The Text REtrieval Conference (TREC) is an ongoing series of workshops focusing on a list of different information retrieval (IR) research areas, or tracks. It is co-sponsored by the National Institute of Standards and Technology (NIST) and the Intelligence Advanced Research Projects Activity (part of the office of the Director of National Intelligence), and began in 1992 as part of the TIPSTER Text program. Its purpose is to support and encourage research within the information retrieval community by providing the infrastructure necessary for large-scale evaluation of text retrieval methodologies and to increase the speed of lab-to-product transfer of technology.
Each track has a challenge wherein NIST provides participating groups with data sets and test problems. Depending on track, test problems might be questions, topics, or target extractable features. Uniform scoring is performed so the systems can be fairly evaluated. After evaluation of the results, a workshop provides a place for participants to collect together thoughts and ideas and present current and future research work.
New tracks are added as new research needs are identified, this list is current for TREC 2016.
In 1997, a Japanese counterpart of TREC was launched (first workshop in 1999), called NTCIR (NII Test Collection for IR Systems), and in 2000, a European counterpart was launched, called CLEF (Cross Language Evaluation Forum).
NIST claims that within the first six years of the workshops, the effectiveness of retrieval systems approximately doubled. The conference was also the first to hold large-scale evaluations of non-English documents, speech, video and retrieval across languages. Additionally, the challenges have inspired a large body of publications. Technology first developed in TREC is now included in many of the world's commercial search engines.

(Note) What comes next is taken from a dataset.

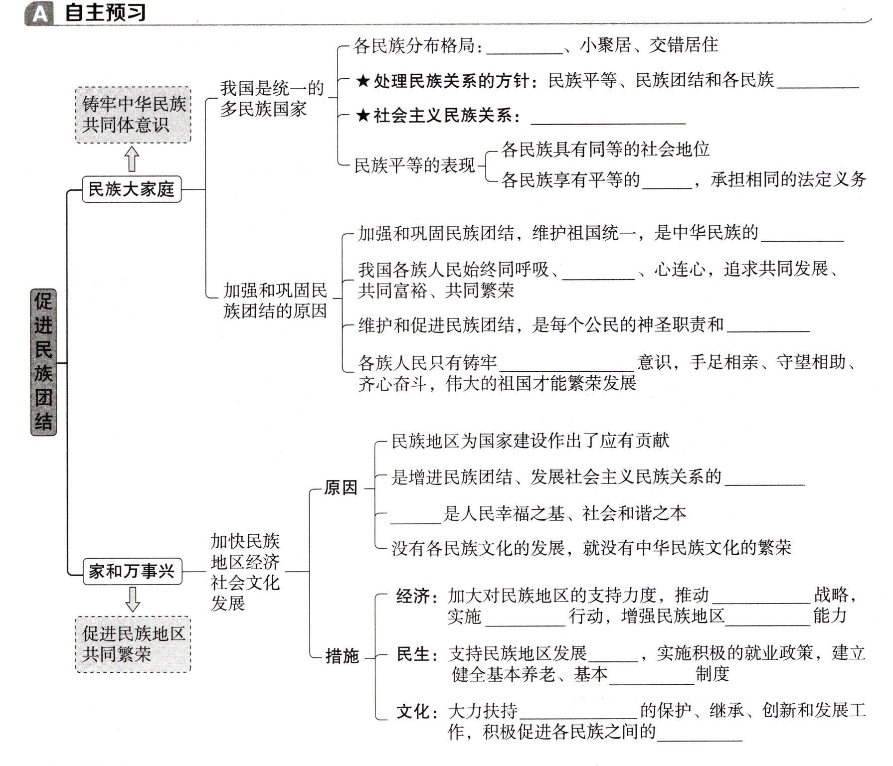 答案: 大杂居 共同繁荣 平等团结互助和谐 权利 最高利益 共命运 光荣义务 中华民族共同体 必由之路 民生 西部大开发 兴边富民 自我发展 教育 医疗保险 少数民族文化 文化交流

An independent report by RTII found that "about one-third of the improvement in web search engines from 1999 to 2009 is attributable to TREC. Those enhancements likely saved up to 3 billion hours of time using web search engines. ... Additionally, the report showed that for every $1 that NIST and its partners invested in TREC, at least $3.35 to $5.07 in benefits were accrued to U.S. information retrieval researchers in both the private sector and academia."